§ Your instructions: The answer must be only the lines below from the one holding "If you read" down to the one holding "This stylish shearling", ends included, printed exactly; please omit all pictures.

§ Dataset:
------------------------------
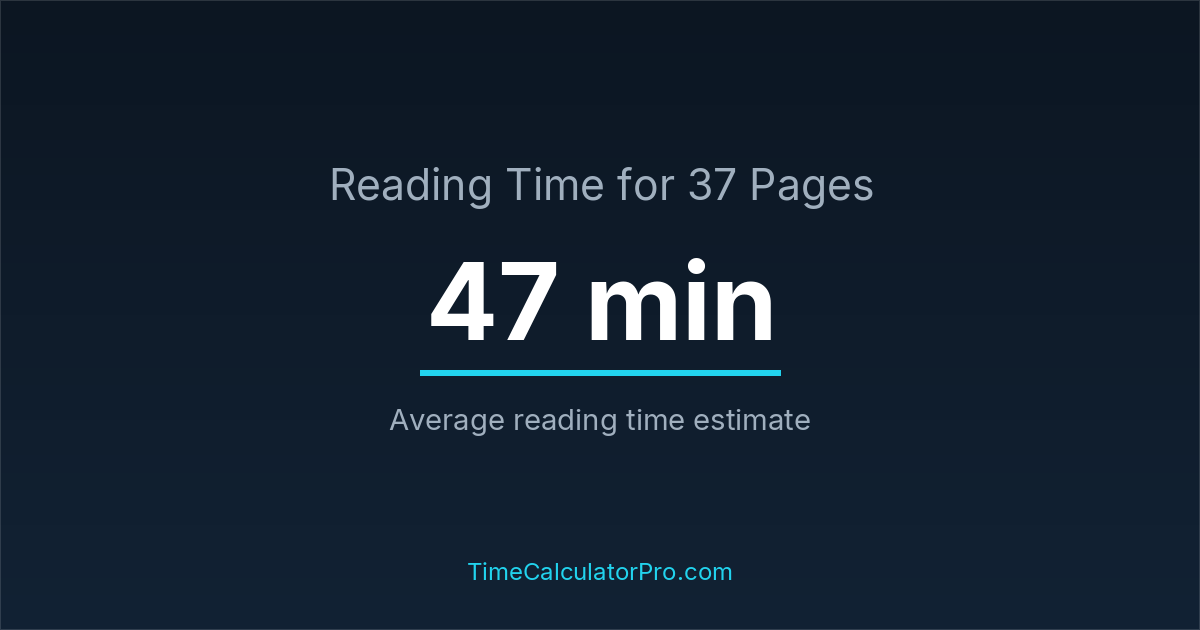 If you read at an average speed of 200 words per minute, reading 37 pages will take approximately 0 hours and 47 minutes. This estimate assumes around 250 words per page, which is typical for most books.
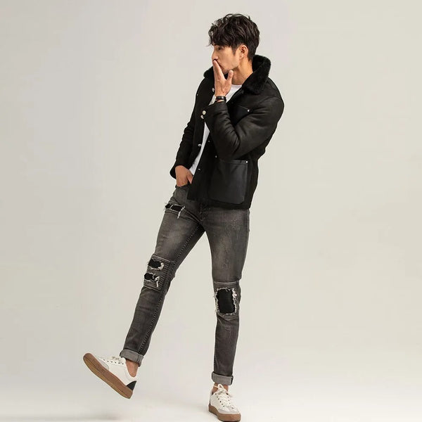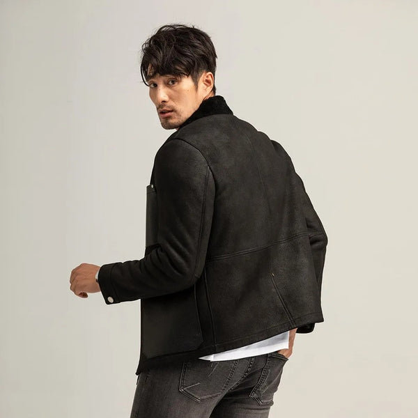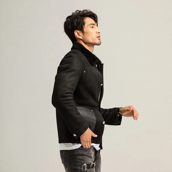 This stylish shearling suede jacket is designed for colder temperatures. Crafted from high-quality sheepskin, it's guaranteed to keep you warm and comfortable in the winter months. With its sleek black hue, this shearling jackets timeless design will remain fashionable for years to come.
------------------------------
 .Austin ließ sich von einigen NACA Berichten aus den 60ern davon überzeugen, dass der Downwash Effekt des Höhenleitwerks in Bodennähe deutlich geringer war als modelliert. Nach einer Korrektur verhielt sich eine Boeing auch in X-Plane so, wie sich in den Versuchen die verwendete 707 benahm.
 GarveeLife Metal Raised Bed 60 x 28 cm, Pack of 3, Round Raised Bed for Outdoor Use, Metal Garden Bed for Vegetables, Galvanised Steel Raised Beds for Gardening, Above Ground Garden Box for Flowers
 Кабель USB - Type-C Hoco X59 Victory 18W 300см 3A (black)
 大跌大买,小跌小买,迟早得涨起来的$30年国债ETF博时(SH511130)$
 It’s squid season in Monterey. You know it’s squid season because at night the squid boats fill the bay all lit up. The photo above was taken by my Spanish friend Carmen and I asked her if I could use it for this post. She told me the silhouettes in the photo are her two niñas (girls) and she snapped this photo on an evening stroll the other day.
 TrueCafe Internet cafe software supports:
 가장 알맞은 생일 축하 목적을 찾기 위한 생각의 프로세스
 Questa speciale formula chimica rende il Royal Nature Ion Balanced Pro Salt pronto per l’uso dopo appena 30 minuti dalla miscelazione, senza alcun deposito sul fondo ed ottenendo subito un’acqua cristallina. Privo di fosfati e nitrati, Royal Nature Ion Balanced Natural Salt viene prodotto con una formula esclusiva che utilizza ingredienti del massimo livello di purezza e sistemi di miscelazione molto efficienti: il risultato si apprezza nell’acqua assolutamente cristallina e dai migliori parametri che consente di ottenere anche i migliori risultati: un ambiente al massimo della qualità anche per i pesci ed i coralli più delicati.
------------------------------
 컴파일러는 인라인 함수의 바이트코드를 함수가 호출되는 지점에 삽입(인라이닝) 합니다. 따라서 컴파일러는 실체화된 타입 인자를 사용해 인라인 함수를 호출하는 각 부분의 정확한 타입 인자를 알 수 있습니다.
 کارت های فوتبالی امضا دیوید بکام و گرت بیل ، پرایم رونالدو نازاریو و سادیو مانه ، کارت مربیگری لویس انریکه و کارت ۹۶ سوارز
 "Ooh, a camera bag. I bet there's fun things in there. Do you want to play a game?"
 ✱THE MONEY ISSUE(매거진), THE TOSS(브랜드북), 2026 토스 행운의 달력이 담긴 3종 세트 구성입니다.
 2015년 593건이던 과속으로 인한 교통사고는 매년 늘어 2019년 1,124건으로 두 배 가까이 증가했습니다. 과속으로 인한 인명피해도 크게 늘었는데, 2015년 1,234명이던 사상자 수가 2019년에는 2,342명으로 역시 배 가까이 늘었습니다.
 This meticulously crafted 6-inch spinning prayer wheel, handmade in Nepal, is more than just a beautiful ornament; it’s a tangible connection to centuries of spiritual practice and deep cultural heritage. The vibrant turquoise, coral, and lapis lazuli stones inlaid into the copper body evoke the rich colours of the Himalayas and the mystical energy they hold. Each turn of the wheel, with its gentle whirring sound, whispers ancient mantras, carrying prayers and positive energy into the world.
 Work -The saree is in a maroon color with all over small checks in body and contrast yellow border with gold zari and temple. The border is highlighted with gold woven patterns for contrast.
------------------------------
§ Written answer:
 If you read at an average speed of 200 words per minute, reading 37 pages will take approximately 0 hours and 47 minutes. This estimate assumes around 250 words per page, which is typical for most books.
 This stylish shearling suede jacket is designed for colder temperatures. Crafted from high-quality sheepskin, it's guaranteed to keep you warm and comfortable in the winter months. With its sleek black hue, this shearling jackets timeless design will remain fashionable for years to come.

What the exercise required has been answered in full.